### PROBLEM TO SOLVE
Repeat every line of the data exactly; no picture belongs in the copy.

### DATA SHOWN
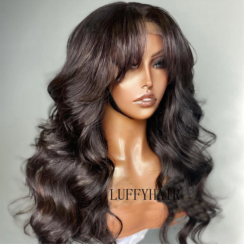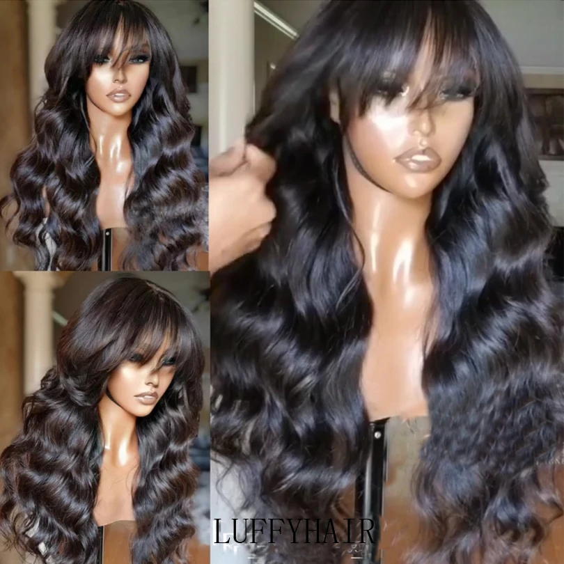 Парики LUFFYHAIR на шелковой основе, человеческие волосы с челкой, индийские волнистые, без клея, 5x5, парики для женщин на шелковой основе
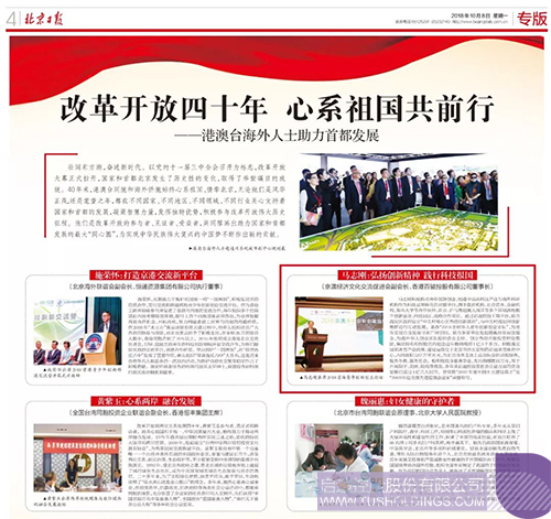 10月8日,北京日?qǐng)?bào)發(fā)表改革開放40周年專題文章《改革開放四十年 心系祖國(guó)共前行 ——港澳臺(tái)海外人士助力首都發(fā)展 》,文中報(bào)道京澳經(jīng)濟(jì)文化交流促進(jìn)會(huì)副會(huì)長(zhǎng)、啟迪控股董事、啟迪金控董事長(zhǎng)馬志剛作為港澳臺(tái)愛(ài)國(guó)企業(yè)家代表,多年來(lái)積極投身京港澳創(chuàng)新交流合作,助力華人青年創(chuàng)新創(chuàng)業(yè)。以下為相關(guān)報(bào)道內(nèi)容節(jié)選。
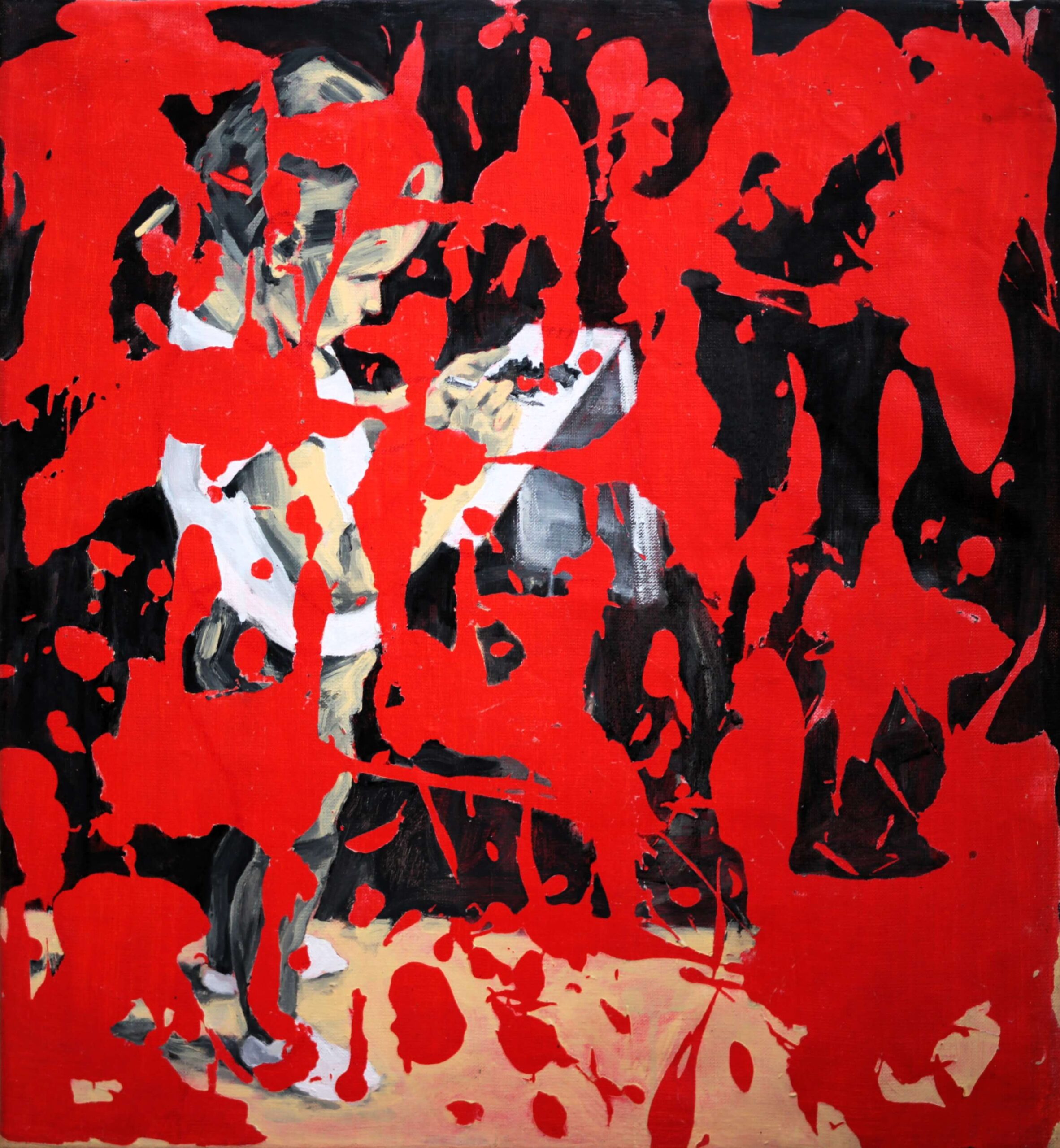 Červená barva rozprostřená přes dívku může naznačovat negativní síly nebo vnější vlivy, které na ni působí, nepřekrývá však celou kompozici, což vytváří vizuální rovnováhu a pocit, že dítě má nad svým prostředím kontrolu. Celé dílo kombinuje jemnost a křehkost postavy s dynamikou barevných zásahů, čímž vzniká napětí mezi nevinností a vnějšími vlivy.
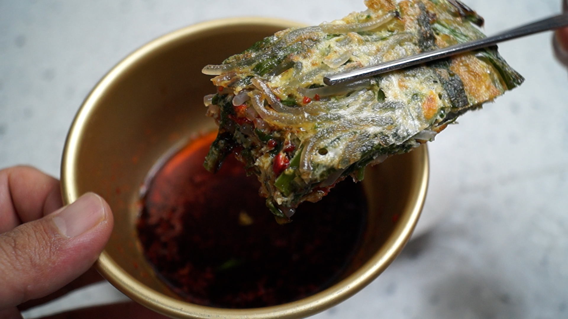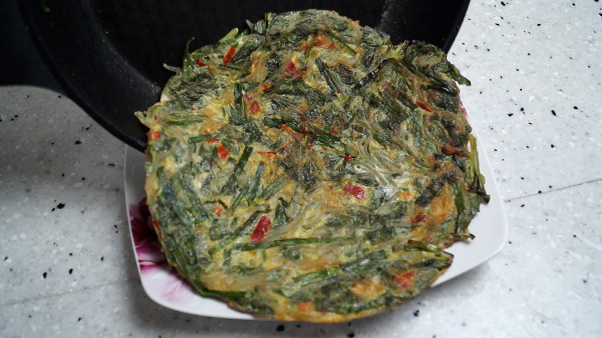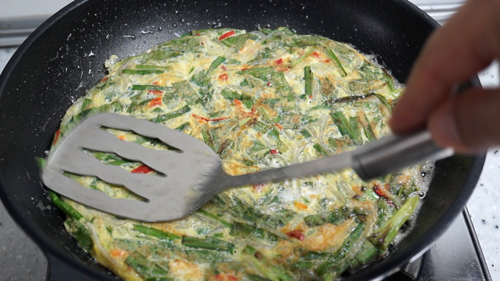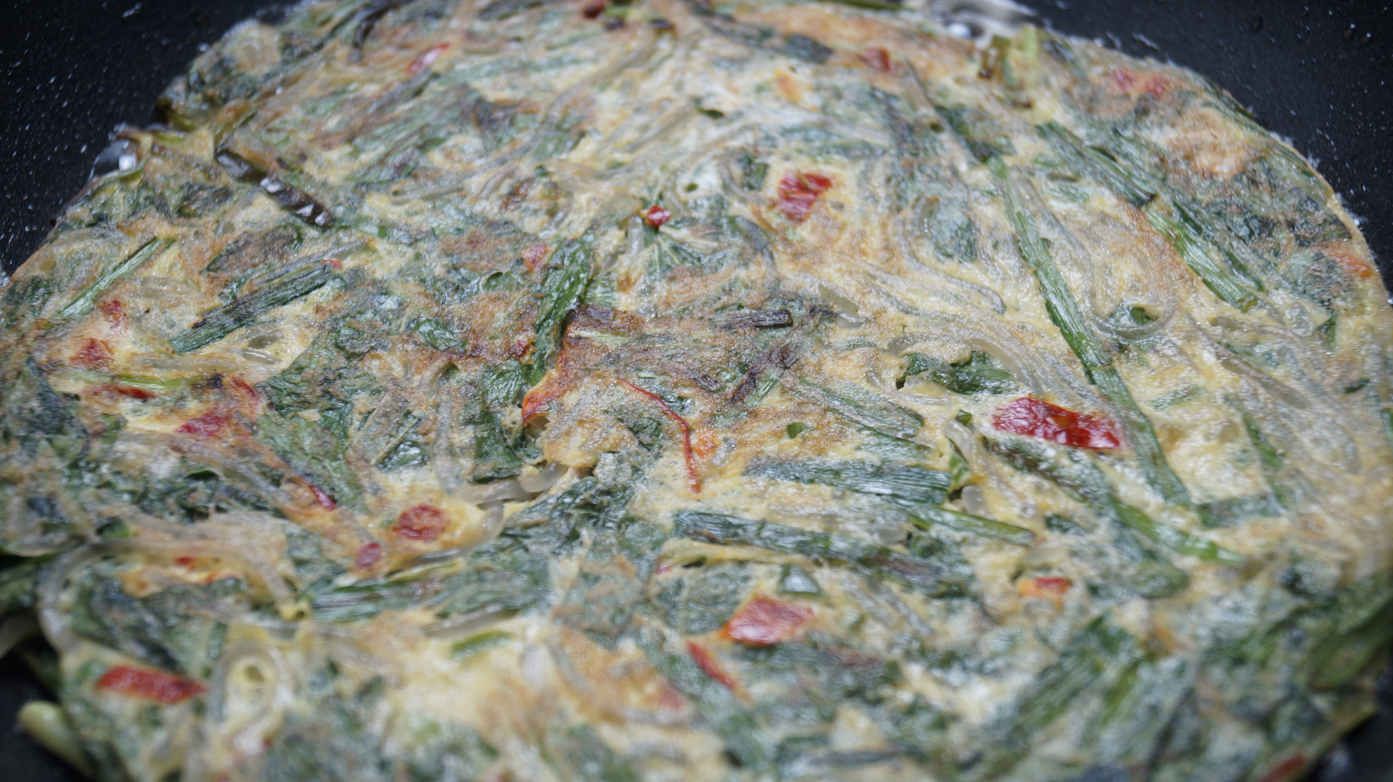 13. 저는 한방에 그냥 구워버렸습니다! 계란 만두 모양처럼 만드시려먼 부추를 좀더 잘게 잘라넣고 작게작게 펼쳐 접어가면서 구워 주시면 됩니다. 2분 정도 굽다 뒤집어주고 그 다음 부터는 1분 정도에 한번씩 2~3번을 뒤집어가며 구워주세요.

### EXERCISE RESULT
 Парики LUFFYHAIR на шелковой основе, человеческие волосы с челкой, индийские волнистые, без клея, 5x5, парики для женщин на шелковой основе
 10月8日,北京日?qǐng)?bào)發(fā)表改革開放40周年專題文章《改革開放四十年 心系祖國(guó)共前行 ——港澳臺(tái)海外人士助力首都發(fā)展 》,文中報(bào)道京澳經(jīng)濟(jì)文化交流促進(jìn)會(huì)副會(huì)長(zhǎng)、啟迪控股董事、啟迪金控董事長(zhǎng)馬志剛作為港澳臺(tái)愛(ài)國(guó)企業(yè)家代表,多年來(lái)積極投身京港澳創(chuàng)新交流合作,助力華人青年創(chuàng)新創(chuàng)業(yè)。以下為相關(guān)報(bào)道內(nèi)容節(jié)選。
 Červená barva rozprostřená přes dívku může naznačovat negativní síly nebo vnější vlivy, které na ni působí, nepřekrývá však celou kompozici, což vytváří vizuální rovnováhu a pocit, že dítě má nad svým prostředím kontrolu. Celé dílo kombinuje jemnost a křehkost postavy s dynamikou barevných zásahů, čímž vzniká napětí mezi nevinností a vnějšími vlivy.
 13. 저는 한방에 그냥 구워버렸습니다! 계란 만두 모양처럼 만드시려먼 부추를 좀더 잘게 잘라넣고 작게작게 펼쳐 접어가면서 구워 주시면 됩니다. 2분 정도 굽다 뒤집어주고 그 다음 부터는 1분 정도에 한번씩 2~3번을 뒤집어가며 구워주세요.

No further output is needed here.